Na casa do empresário Roberto Bussamra, o pavor de ouvir do outro lado da linha a voz do filho pedindo ajuda, pois se envolveu em um acidente e está com policiais que querem "conversar" com ele.
Não pretendo escrever sobre a dor de Cissa. Nem toda nossa solidariedade, nosso amparo e nossas lágrimas podem consolá-la.
Penso no pânico do pai, no desespero daquela viagem da Barra da Tijuca até uma rua àquela hora deserta do Jardim Botânico.
Imagino a sensação de impotência ao ouvir dos policiais militares, sob ameaças nem tão veladas assim, quanto custaria o "serviço" feito: R$ 10 mil.
Na "tabela" da corrupção dos policiais de plantão nos arredores do túnel interditado, esse é o preço para desmontar a cena do crime, não registrar a ocorrência e livrar seu filho de acusações que poderiam lhe render uma condenação e, horror dos horrores, quem sabe até mesmo uma temporada na cadeia.
Roberto Bussamra concordou em pagar a conta.
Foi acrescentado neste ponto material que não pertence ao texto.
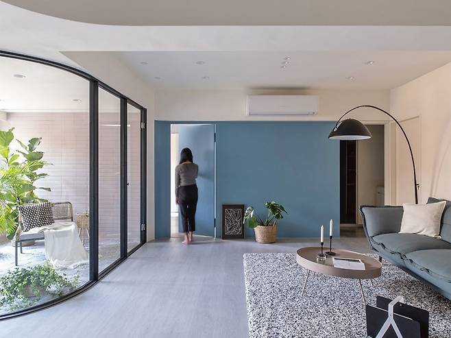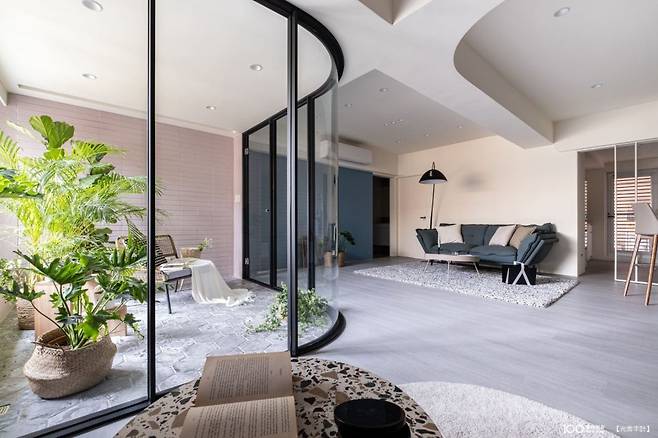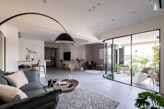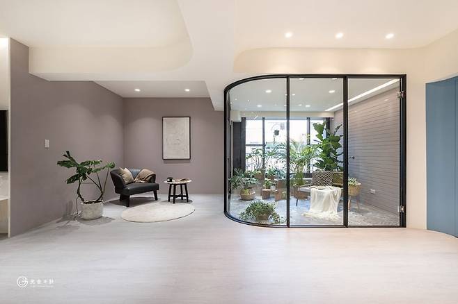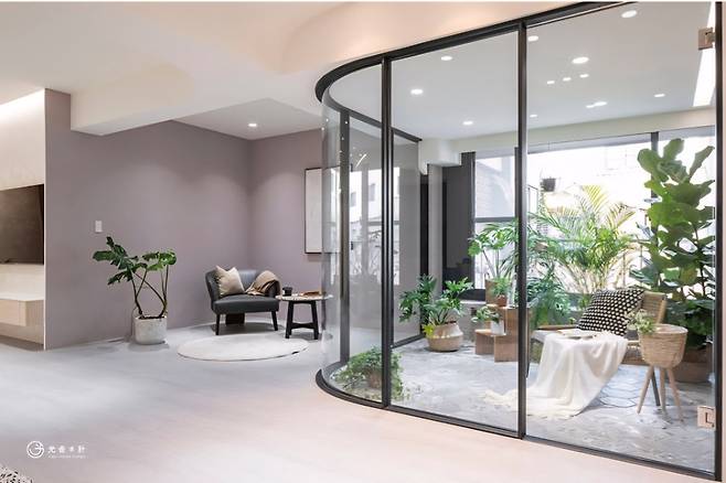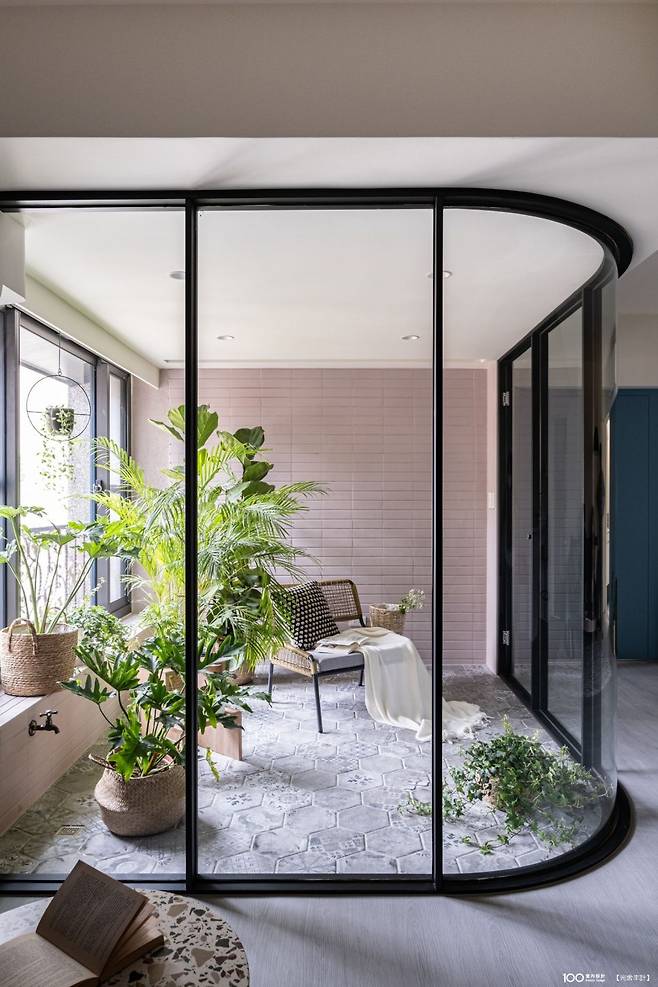 대신 그 자리에 곡선 유리 파티션으로 둘러싼 실내정원을 만들었어요. 높낮이가 다른 화분들을 배치하니 마치 작은 숲속에 앉아 있는 듯한 분위기가 완성됐죠.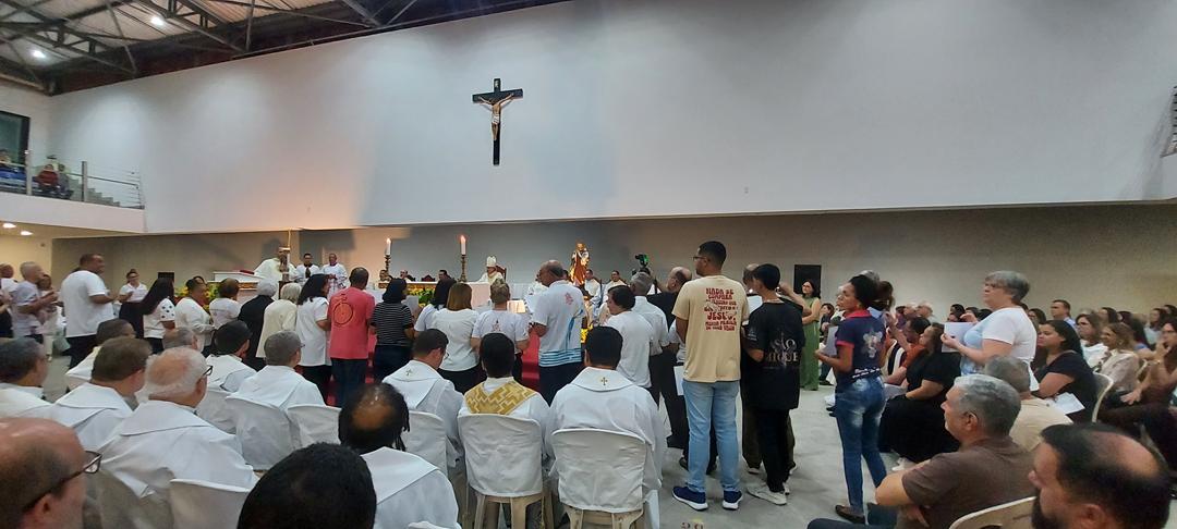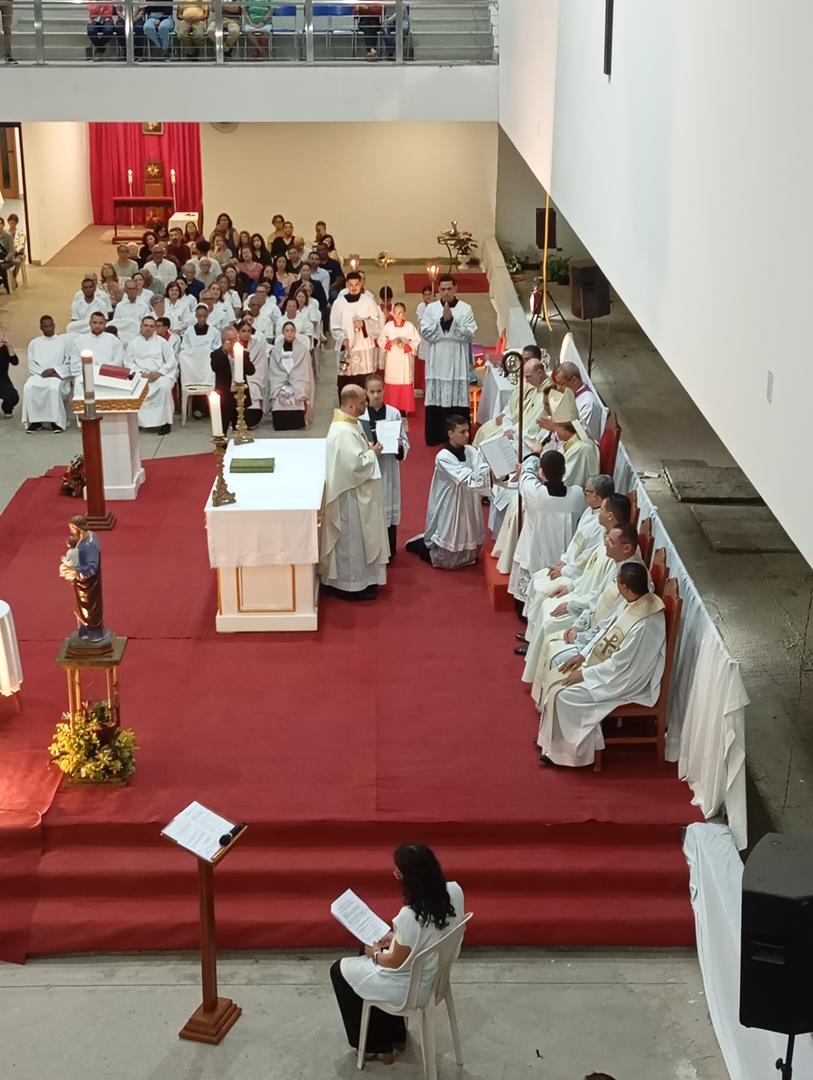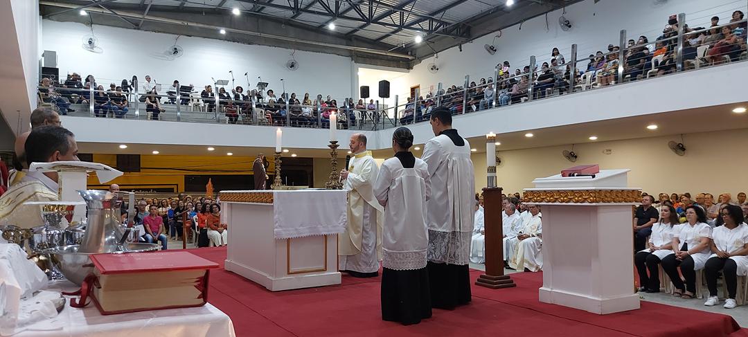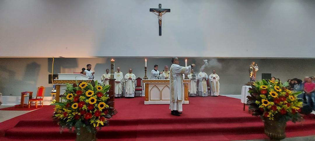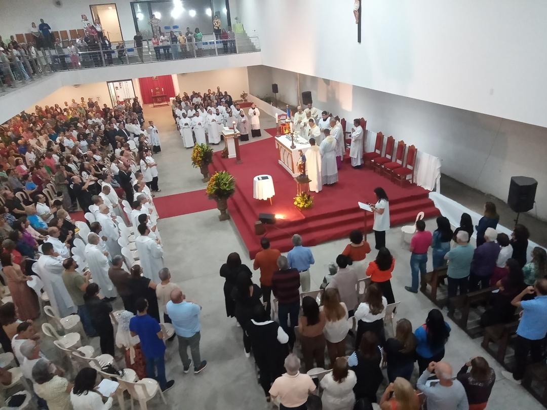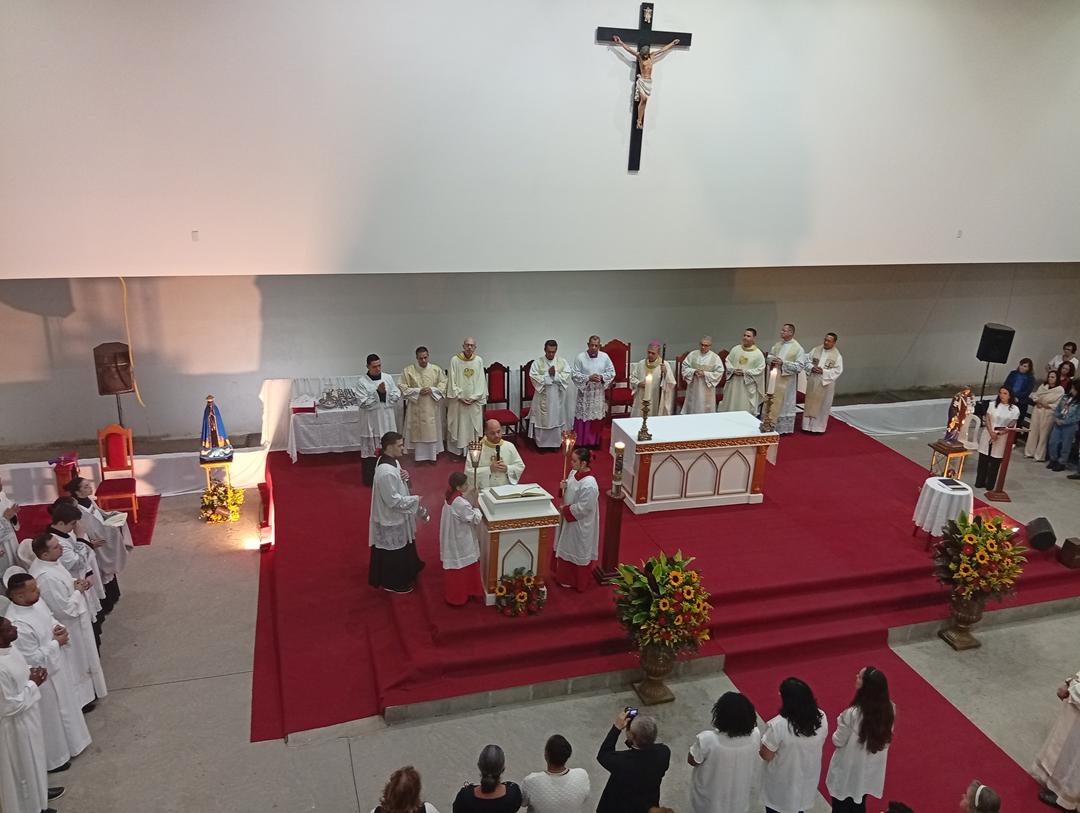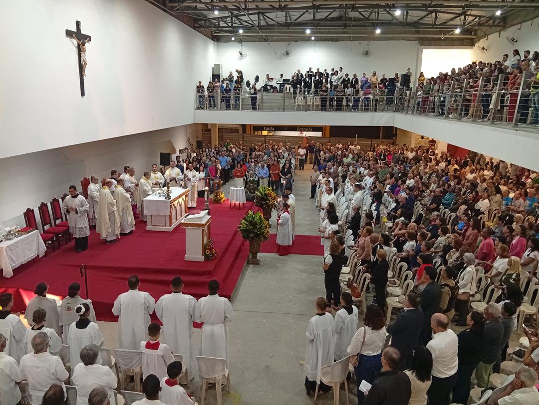 A celebração eucarística contou com a presença de autoridades civis e de uma grande porção do Povo de Deus. Foi concelebrada por diversos padres da Diocese, contando também com a presença de alguns diáconos permanentes e dos seminaristas estagiários de nossa Diocese: André, Marlon e Robson.

Na linguagem jurídica, foi o agente ativo de um crime de corrupção. A pena, diz o Código Penal, vai de dois a 12 anos de reclusão.
Longe de mim defender o gesto daquele pai. Longe de mim concordar com sua decisão de levar o carro para a oficina, no dia seguinte, e pedir rapidez no conserto.
Mas muitas vezes tomamos decisões erradas. Qual pai, qual mãe, saberia o que fazer no meio desse pesadelo? Atire a primeira pedra...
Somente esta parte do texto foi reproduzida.